I’ll admit I haven’t spent a lot of time trying to poke holes in this, but I don’t think your point #1, that the note ID has to be in the database, is correct. This is where their hashing algorithm comes in.
Let’s say I write a note, and the note ID is “hello”. Really, “hello” is the key for a symmetric encryption algorithm, so in the database the text of the note is encrypted using “hello” as the key.
Now, instead of using “hello” as the primary key for that row in the database, I use the md5 sum of “hello” as the primary key. Therefore, in the database, I have the md5sum of “hello” and the encrypted text, but nowhere do I have the actual string “hello.” Therefore, I can’t decrypt the note even if I have access to the database, know the hashing algorithm, and know the encryption algorithm.
When a user comes to retrieve the note, they input the “note ID,” which is really the decryption key. Upon entry of the decryption key, the system takes the md5 sum of the note ID/decryption key to determine which row in the database to retrieve. It grabs the cipher text and decrypts it using the note ID in the URL, not anything that was in the database.
Of course, in the end, you’re still just trusting them not to keep a record of the decryption keys, but I think it’s technically feasible to do what they’re saying they’re doing.
But...
...granted, that’s not exactly what their explanation said. But it sounds like that’s what they’re actually going for, so who knows if they just fumbled the explanation or fumbled the actual implementation.
Re: Couldn't this work
What you’re describing is a simple password-based system, but that’s not what Privnote has implemented. Note ids are dynamically generated, not chosen by users, and according to the developer’s blog entry, “the salt to encrypt the note is not the note ID but a hash of the note ID”.
Whether the note id is stored hashed or in the clear doesn’t matter; either way, the hash of the note id is easily obtainable by anyone with database access, and therefore the note is easily decryptable.
Re: Couldn't this work
I believe what Matthew is suggesting is that the salt is actually the Note ID, not the hash of the Note ID.

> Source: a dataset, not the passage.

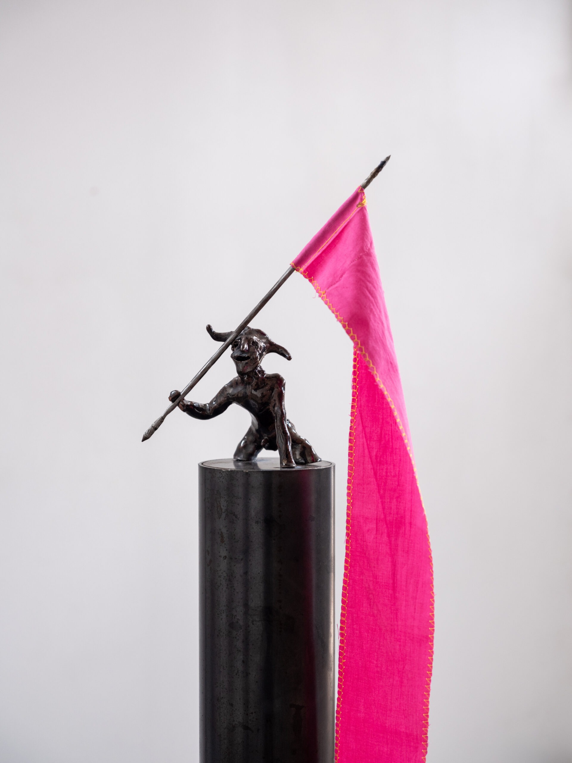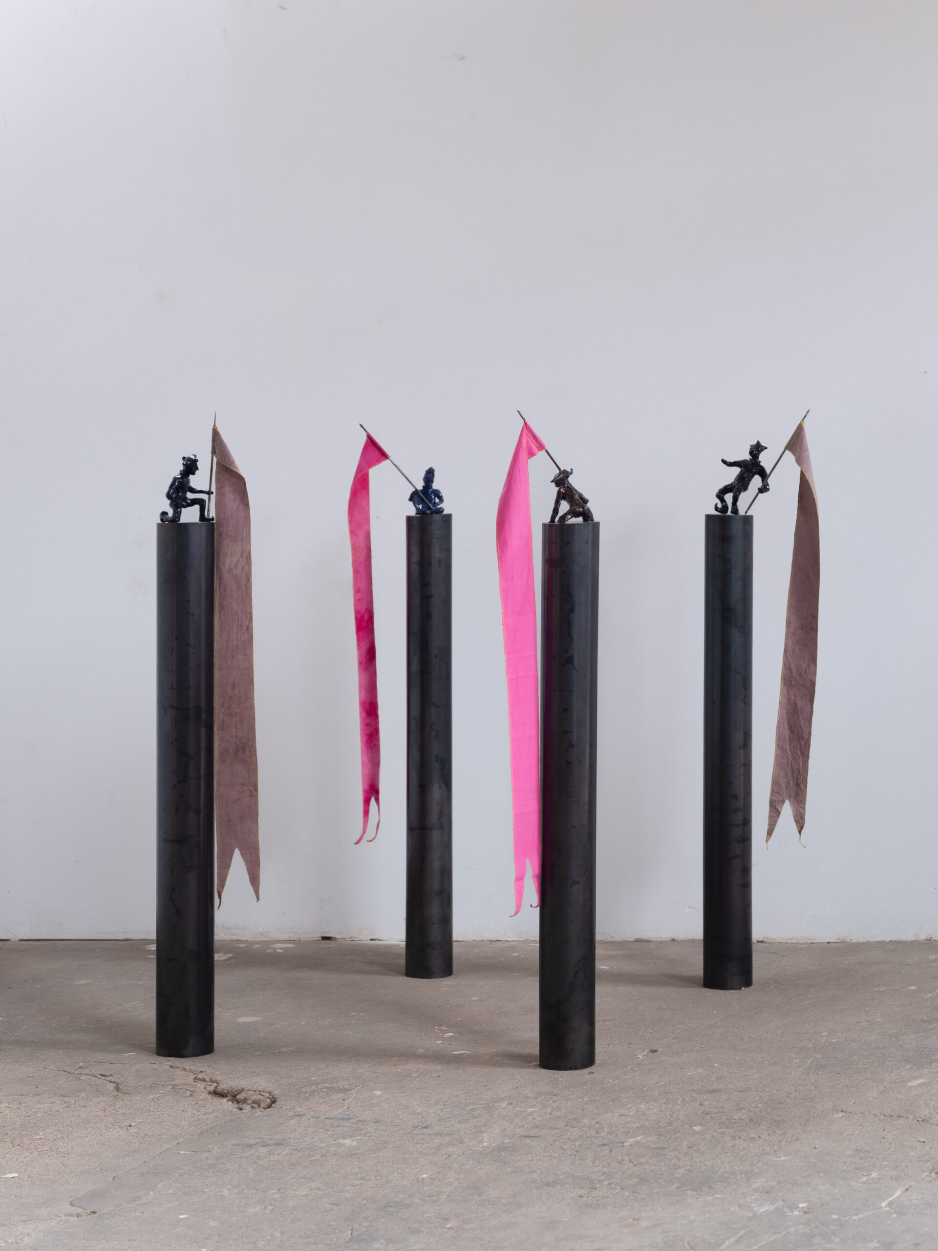 Dans cette dynamique, je glane, récupère ou rejoue des éléments architecturaux, mobiliers ou décoratifs, qui deviennent parties prenantes du corps de la sculpture. Des créatures composées d’acier, de cire ou de céramique s’entrelacent à des chaises et des tables. Les masques anthropomorphes qui ornent les jardinières devant l’atelier se déplacent et prennent vie sur un squelette d’acier, tandis qu’un groupe de personnages tente maladroitement de se stabiliser, fermement accroché à leurs étendards.

With that, it is secure to store the hashed Note ID and the encrypted text. The only way to decrypt it is for a user to access the note with the plaintext Note ID corresponding to the hashed Note ID.
...
I think that you are the one being plain malicious without fundament. Have you heard about the viacom/youtube case? That is the reason for saying they don´t keep the records,maybe? How is it that you state something like that without the propper info source, do you know how it´s done? really? huh…didn´t think so…
Re: ...
My source was the developer’s own blog post describing Privnote’s security measures. My analysis here is based on the statements made in that post.
How Privnote really works
Hi, I’m that Privnote developer. I just wanted to let you know that I’ve posted a (hopefully better) explanation of how Privnote works here.
Feel free to add a comment there if you have any questions.
who is confused?
BTW wonko, why did you change your original title of our post from “Privnote developers are either stupid or malicious” to “Privnote’s developers are confused ”; this act only proof that you are confused!
Re: who is confused?
I changed the title when Pablo updated his blog post with more information and the old title no longer applied. I also added an additional section to my post indicating the date and time that I posted the update. Nice work, Sherlock.
BULLSHIT
just that or maybe I am confused orsomething…
OK
Privnote is just stupid.
Everytime I see privnote, I just PrintScreen
Custard
I am eating delicious custard whilst people bicker about trivial matters that are obsolete in light of the update posted at the end of the article. Yum!